Hopsets are a fundamental graph-theoretic and graph-algorithmic construct, and they are widely used for distance-related problems in a variety of computational settings. Currently existing constructions of hopsets produce hopsets either with \(\Omega (n \log n)\) edges, or with a hopbound \(n^{\Omega (1)}\). In this paper we devise a construction of linear-size hopsets with hopbound (ignoring the dependence on \(\epsilon \)) \((\log \log n)^{\log \log n + O(1)}\). This improves the previous hopbound for linear-size hopsets almost exponentially. We also devise efficient implementations of our construction in PRAM and distributed settings. The only existing PRAM algorithm [19] for computing hopsets with a constant (i.e., independent of n) hopbound requires \(n^{\Omega (1)}\) time. We devise a PRAM algorithm with polylogarithmic running time for computing hopsets with a constant hopbound, i.e., our running time is exponentially better than the previous one. Moreover, these hopsets are also significantly sparser than their counterparts from [19]. We apply these hopsets to achieve the following online variant of shortest paths in the PRAM model: preprocess a given weighted graph within polylogarithmic time, and then given any query vertex v, report all approximate shortest paths from v in constant time. All previous constructions of hopsets require either polylogarithmic time per query or polynomial preprocessing time.

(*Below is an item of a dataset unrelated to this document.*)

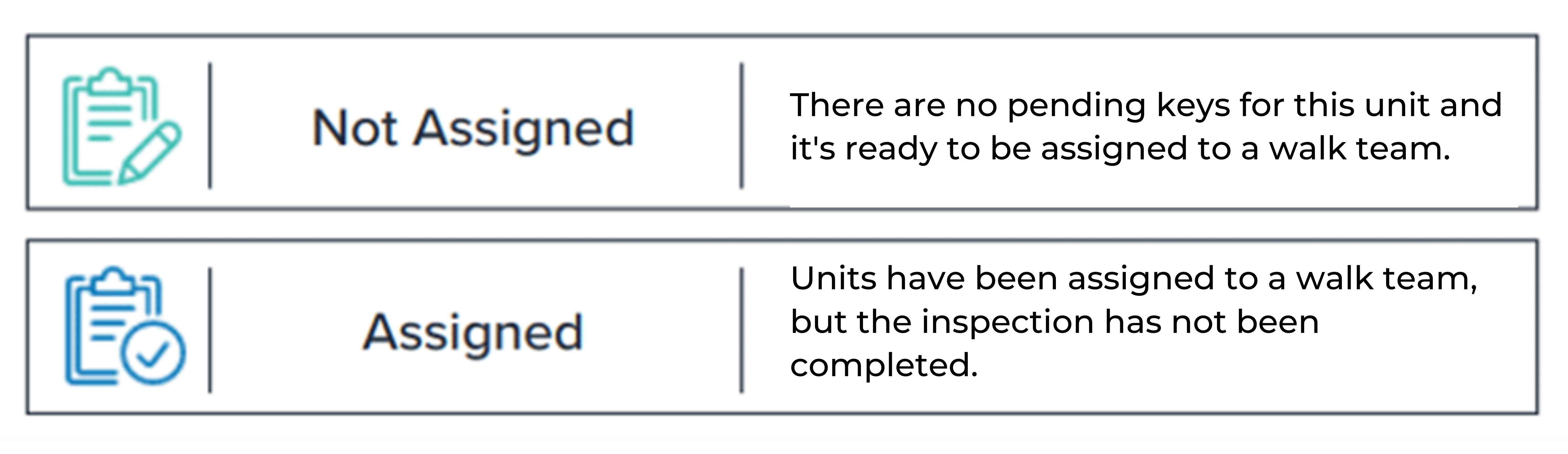 Some site leaders prefer to create daily walk assignments the day before the unit(s) will actually be walked. The "Assigned" status differs from the "In Progress" status. This can be helpful as "Assigned" units have not yet been communicated to walk teams.
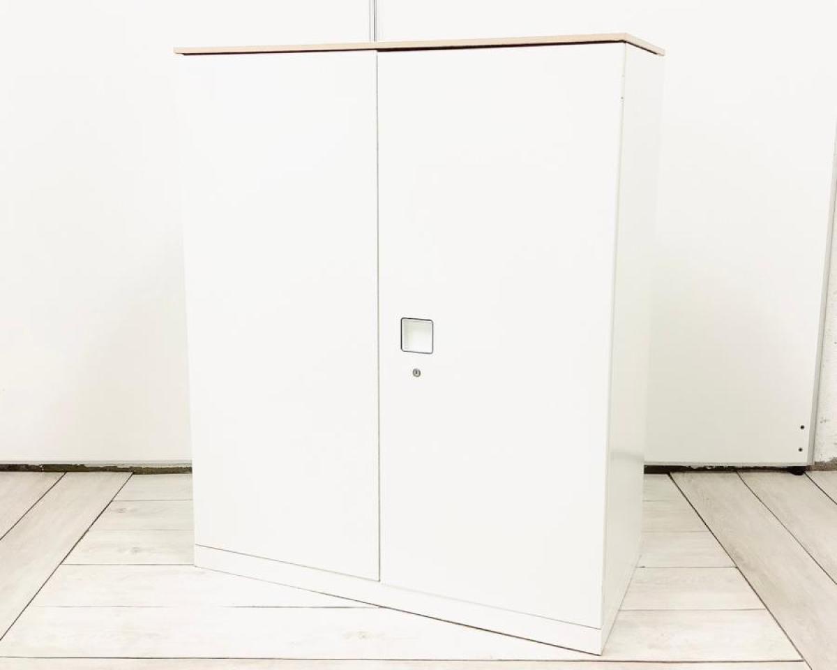 【オフィスの書類をスッキリ整理!取っ手がどの方向からでも開くマルチハンドル!】■オカムラ(okamura)製 レクトラインシリーズ 両開き書庫 ローキャビネット ■本体色:ホワイト ■シリンダー錠 ■ナチュラル天板付き

Hopset 是一种基本的图论和图算法构造，它们广泛用于各种计算设置中与距离相关的问题。目前现有的 hopsets 结构产生带有\(\Omega (n \log n)\)边的 hopsets，或者带有 hopbound \(n^{\Omega (1)}\)的 hopsets 。在本文中，我们设计了一种具有 hopbound 的线性大小hopsets 的构造（忽略对\(\epsilon \)的依赖）\((\log \log n)^{\log \log n + O(1)}\) . 这几乎成倍地改善了线性大小 hopset 的先前 hopbound. 我们还设计了在 PRAM 和分布式环境中构建的有效实现。唯一现有的 PRAM 算法 [19] 用于计算具有常数（即，独立于n）跳边界的跳集需要\(n^{\Omega (1)}\)时间。我们设计了一种具有多对数运行时间的 PRAM 算法，用于计算具有恒定 hopbound 的 hopset，即，我们的运行时间比前一个算法好得多。此外，这些 hopset 也比 [19] 中的对应物要稀疏得多。我们应用这些 hopsets 在 PRAM 模型中实现以下最短路径的在线变体：在多对数时间内预处理给定的加权图，然后给定任何查询顶点v，报告从v在恒定时间内的所有近似最短路径。所有先前的 hopset 结构都需要每次查询的多对数时间或多项式预处理时间。